==== Recorded data ====

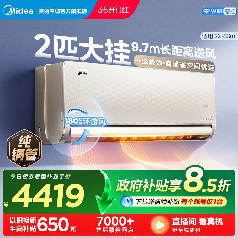 美的空调官方旋耀2匹挂机一级变频冷暖两用客厅壁挂式50大挂MXA1
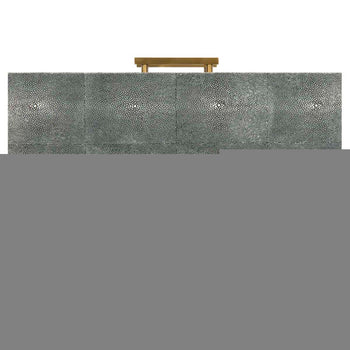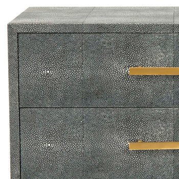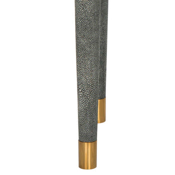 Inspired by the artistry of master cabinetmakers, the black Nour Shagreen End Table expertly balances the beauty of linear geometry and the craft of tactile composition. Its decadent capped brass legs and hardware make it a favorite of interior designers.
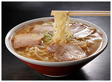 麺が太く平たく、縮れているのが特徴の「平打ち熟成多加水麺」を使用したラーメン。市内に100軒以上ある店舗でコシのある独特な食感を味わえる。
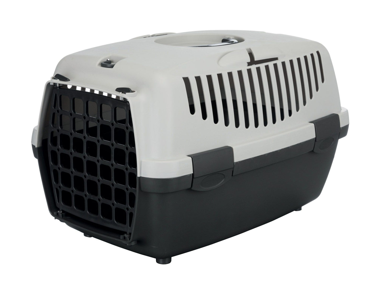 Cusca transport animale Trixie Capri 1, 48x32x31 cm, Gri.nCaracteristici: nnUsa din fata permite scoaterea si punerea animalului in trasportor;nIdeal pentru vizitele la veterinar;nVentilatie optima datorita orificiilor din partea superioara a transportorului;nCu maner: pentru un transport comod;nFixare: cu cleme.nnn
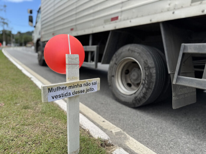 O intuito das cruzes fincadas nos canteiros é aludir às vítimas de feminicídio no Brasil. Presos a elas, balões vermelhos exibiam frases comuns que reforçam o machismo no país e no mundo.
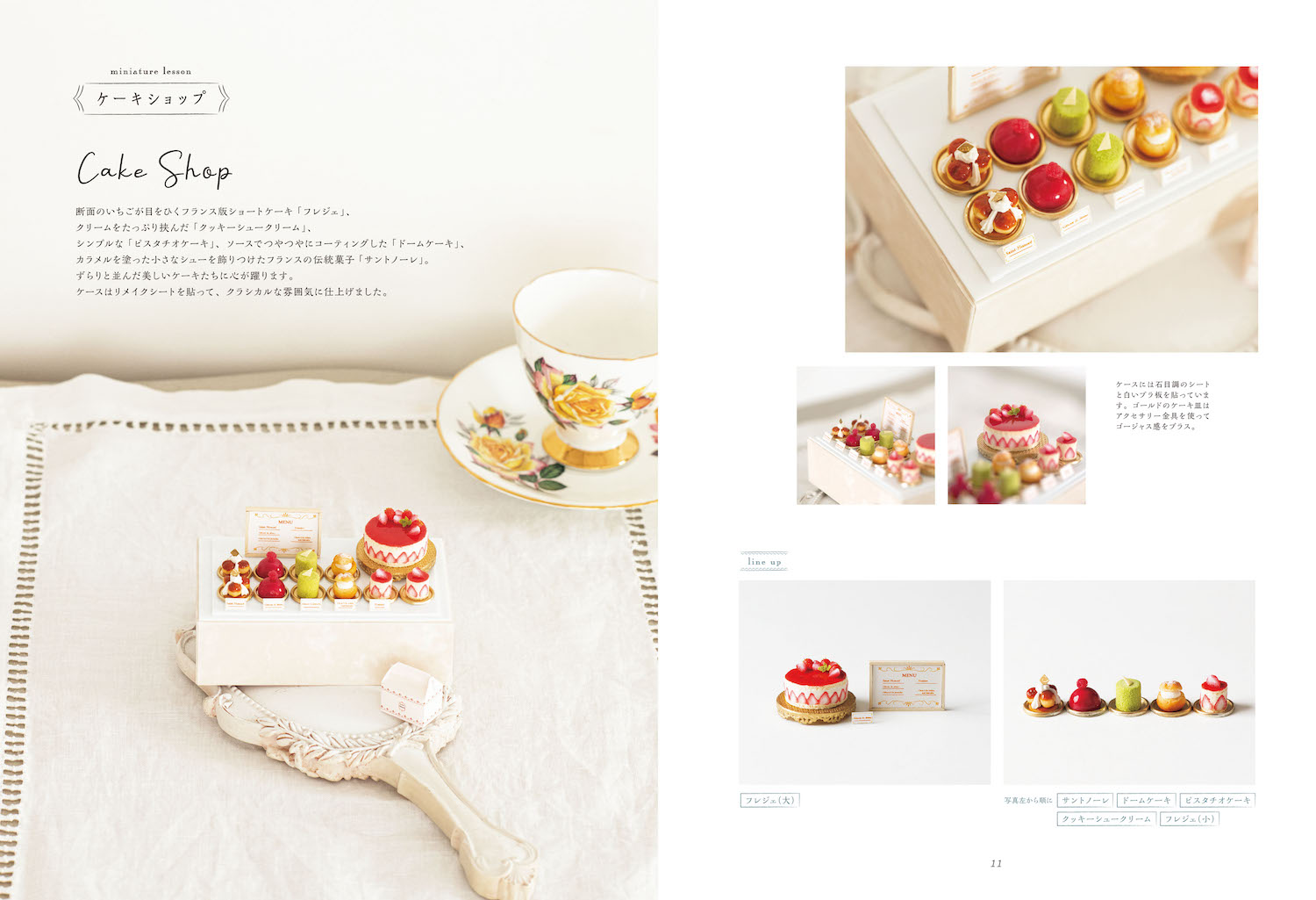 パティスリーにアイス屋さん、クレープ屋さんに和菓子屋さん…小さな小さなお菓子のお店が大集合。スイーツは勿論、ディスプレイのための「お店」作りや、トレーや籠の作り方もご紹介!
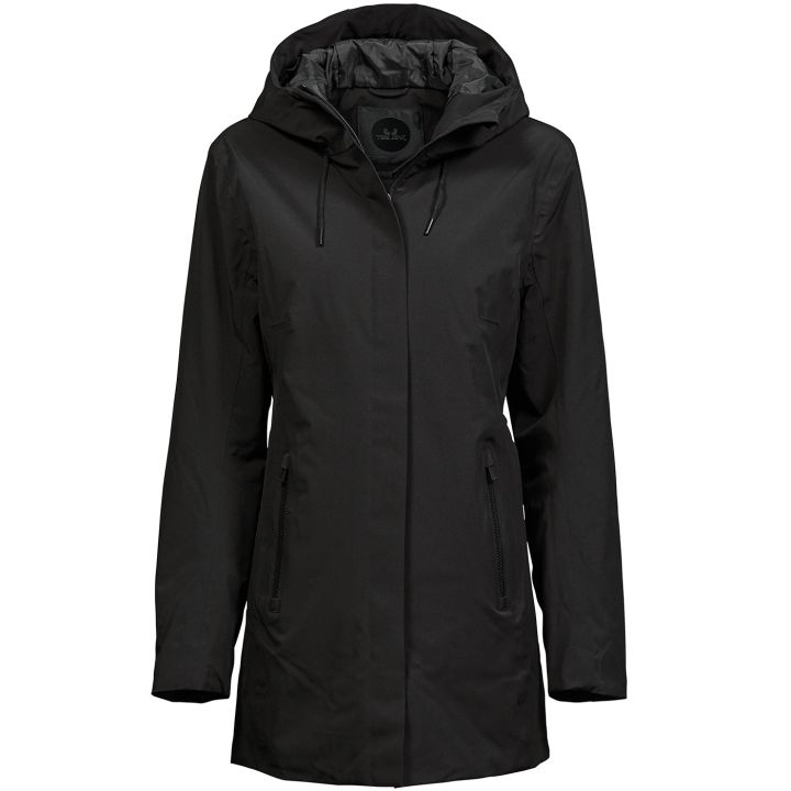 The All-weather parka has a smooth, flawless surface for the modern businesswoman, crafted in a waterproof, stretch material insulated with premium Du
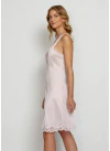 Spodnička je k dispozícii v 2 farbách, z ktorých si môžete vyberať v závislosti od farby spodnej bielizne, priliehavý strih. Zvislé, zoštíhľujúce strihy, spodná časť a výstrih z očarujúcej čipky. Zadná časť výstrihu a podpazušia lemovaná krajkou Valencienne. Odolná, antistatická, saténová polyamidová látka. Dĺžka cca 90 cm. Možno prať v práčke na 40 ° C.
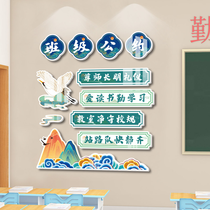 教室布置装 饰班级公约图书卫生间文化墙贴中队角成本墙背景3d立体

====

- Required work:
In the records above, find the line with "Cusca transport animale" and the line with "The All-weather parka", then restate word for word only those two lines and all lines between, omitting pictures.

- Answer for the task:
 Cusca transport animale Trixie Capri 1, 48x32x31 cm, Gri.nCaracteristici: nnUsa din fata permite scoaterea si punerea animalului in trasportor;nIdeal pentru vizitele la veterinar;nVentilatie optima datorita orificiilor din partea superioara a transportorului;nCu maner: pentru un transport comod;nFixare: cu cleme.nnn
 O intuito das cruzes fincadas nos canteiros é aludir às vítimas de feminicídio no Brasil. Presos a elas, balões vermelhos exibiam frases comuns que reforçam o machismo no país e no mundo.
 パティスリーにアイス屋さん、クレープ屋さんに和菓子屋さん…小さな小さなお菓子のお店が大集合。スイーツは勿論、ディスプレイのための「お店」作りや、トレーや籠の作り方もご紹介!
 The All-weather parka has a smooth, flawless surface for the modern businesswoman, crafted in a waterproof, stretch material insulated with premium Du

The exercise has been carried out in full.